UNLK reestrutura Squid e reforça board
Reforçado, o board tem a missão de fazer a companhia atingir R$ 150 milhões em receitas ainda em 2026

Em pé: Eduardo Alvarenga, Mário Eduardo, Pedro Pizzolato e Felipe Oliva. Sentados: Thiago Lima e Luciana Alencar (Crédito: Divulgação)
Seis meses após adquirir a Squid, a UNLK, fundo de investimento voltada para as áreas de mídia e tecnologia, reestrutura a companhia de marketing de influência, que passa a atuar como plataforma tecnológica.
A mudança, iniciada em novembro de 2025, com o retorno ao nome Squid (por um período, a operação adotou o nome Wake Creators), ganha um novo capítulo neste segunda-feira, 25, com o lançamento do sistema operacional SquidOS, sustentado pelo reforço do board da empresa.
Há seis anos na Squid, Luciana Alencar é promovida a chief strategy officer, enquanto Thiago Lima e Mário Eduardo, são contratados, respectivamente, como chief revenue officer e chief technology officer. Com mais de 18 anos de experiência em marketing, Lima reúne passagens por Procter & Gamble, Meta, Pinterest e Winnin. Por sua vez, Eduardo também tem experiência na área: trabalhou em operações como Final Level Co, Spark, Snack e Agência Digi.
O time de lideranças se completa com o chief financial officer Pedro Pizzolato e o CEO Eduardo Alvarenga, que já respondiam por essas funções, além de serem sócios da UNLK.

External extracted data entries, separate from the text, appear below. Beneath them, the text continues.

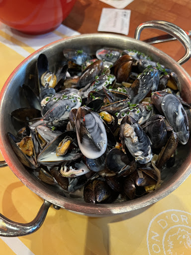 Read moreWe had the steak and mussels. Normally this cut of steak is know for its tenderness and flavor but it was really tough, I couldn’t chew through the sinew and silver skin, I had to spit out the meat. It was cooked medium but more red than pink. So it definitely was not the cook, it was the cut of meat. The mussels were lukewarm in temperature when they arrived but we don’t send food back, so we ate what we could and left. The flavors were ok. It was a nice presentation and the staff were really nice. If you eat here don’t sit inside near the bar/kitchen it was unbearably loud. My ears hurt sitting there….they wash the dishes at the bar. For the price you pay, it’s...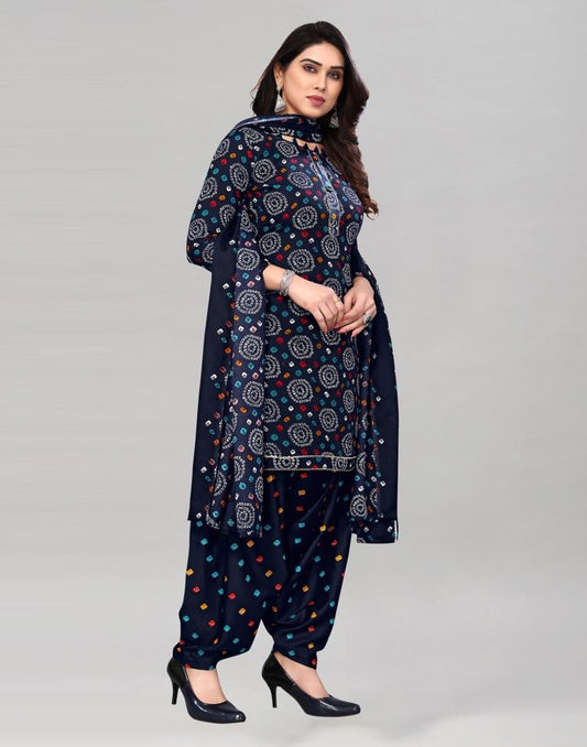 Dark Blue Printed Unstitched Salwar Suit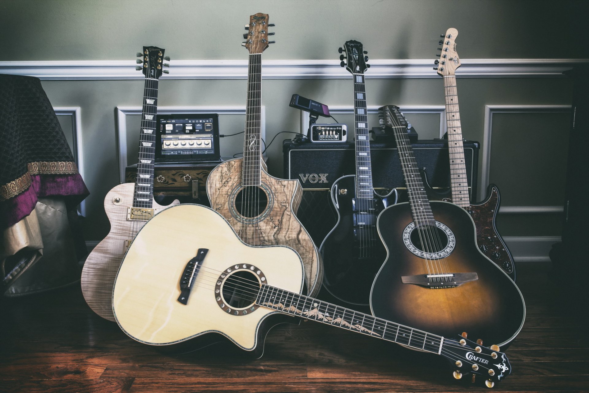 Guitars stand against the background of combos

A missão do grupo é dobrar o faturamento da Squid, atingindo R$ 150 milhões em receitas ainda em 2026.
SquidOS
O SquidOS processa mais de 44 milhões de conteúdos de social a cada 24 horas e conta com uma série de produtos que permitem, por exemplo, trabalhar community listening para extrair insights de comportamento dos consumidores, inteligência de negócios, tendências e share of voice. “Obviamente, com o surgimento da IA, conseguimos destravar um monte de coisas que tínhamos no roadmap”, diz Oliva.

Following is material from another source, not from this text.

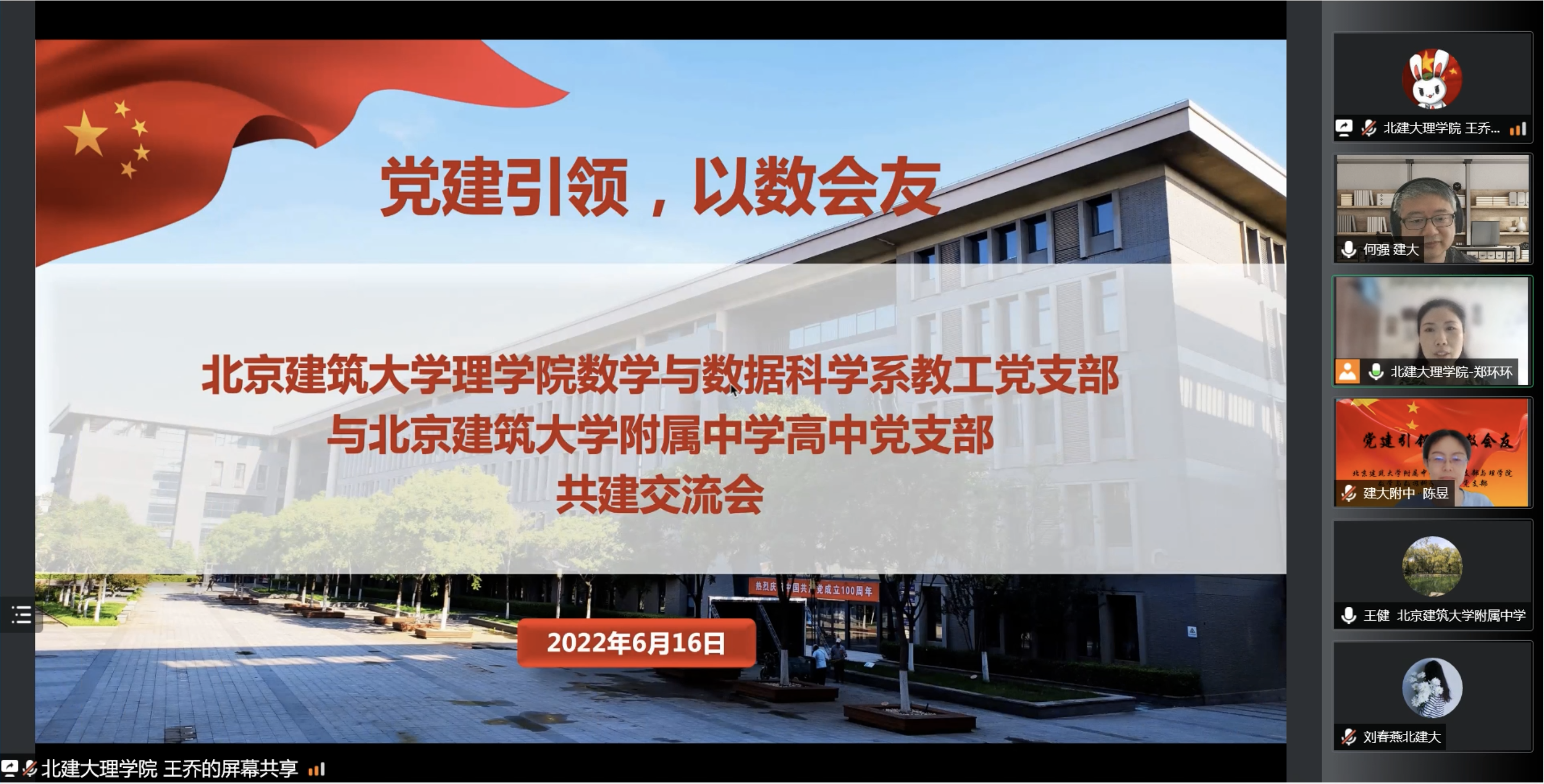 2022年6月16日下午,淫妻小说 和淫妻小说 附属中学以“党建引领,以数会友”为主题开展党支部共建活动,建大附中高中党支部书记王健、高中部数学教研组长陈昱和高中部数学教师代表,淫妻小说 数学与数据科学系教工党支部书记王乔、系副主任何强和教师代表共计15人参加了交流活动。活动由淫妻小说 专职组织员郑环环主持。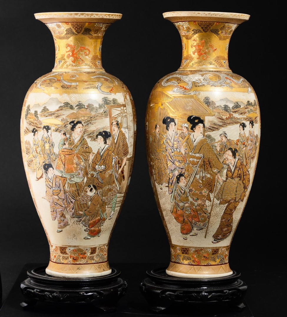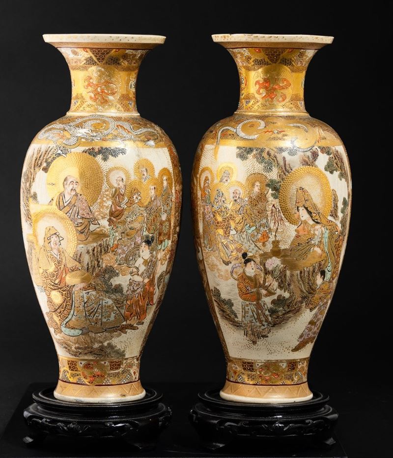 Coppia di vasi in porcellana Satsuma con figure di divinità, Giappone, periodo Meiji (1868-1912)

Nesse sentido, Alvarenga reforça que a criação do sistema operacional da Squid se deu por meio de um repertório tecnológico mais amplo, somado à maturidade da companhia e do mercado de marketing de influência.
A Squid também estabeleceu parcerias com empresas de tecnologia como Google, Meta e TikTok, plugando suas soluções às APIs das principais plataformas. No entanto, Alvarenga enfatiza que o pilar central da companhia é o sistema proprietário. “Orquestramos terceiras partes, mas o core desta companhia para garantir compliance, qualidade e transparência em temas super complexos é propriedade intelectual nossa”.

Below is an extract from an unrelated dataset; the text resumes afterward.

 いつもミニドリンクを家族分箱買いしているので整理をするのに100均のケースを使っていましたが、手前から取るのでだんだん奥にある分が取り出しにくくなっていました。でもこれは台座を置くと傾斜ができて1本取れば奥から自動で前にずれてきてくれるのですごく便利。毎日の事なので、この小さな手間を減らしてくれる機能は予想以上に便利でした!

Apesar de a tecnologia, impulsionada por IA, ser ponto central na nova fase da Squid, Mário Eduardo salienta que a influência continua sendo humana. “Trazemos a inteligência humana para efetivamente ser uma inteligência que olha, pensa e planeja, enquanto a inteligência artificial ajuda a viabilizar coisas que às vezes eram mais manuais”. Alvarenga, complementa dizendo que o pensamento vai ao encontro do posicionamento da Squid, “Real people make culture”.
Luciana afirma que novo sistema operacional da Squid foi pensado para impulsionar os clientes, mas também os influenciadores, parte importante da equação creator economy. “Nossa missão dentro desse mercado é impulsionar os influenciadores para que sejam cada vez mais profissionalizados e tenham melhores acessos, entendam suas métricas para melhorarem a performance dos seus conteúdos”, pontua.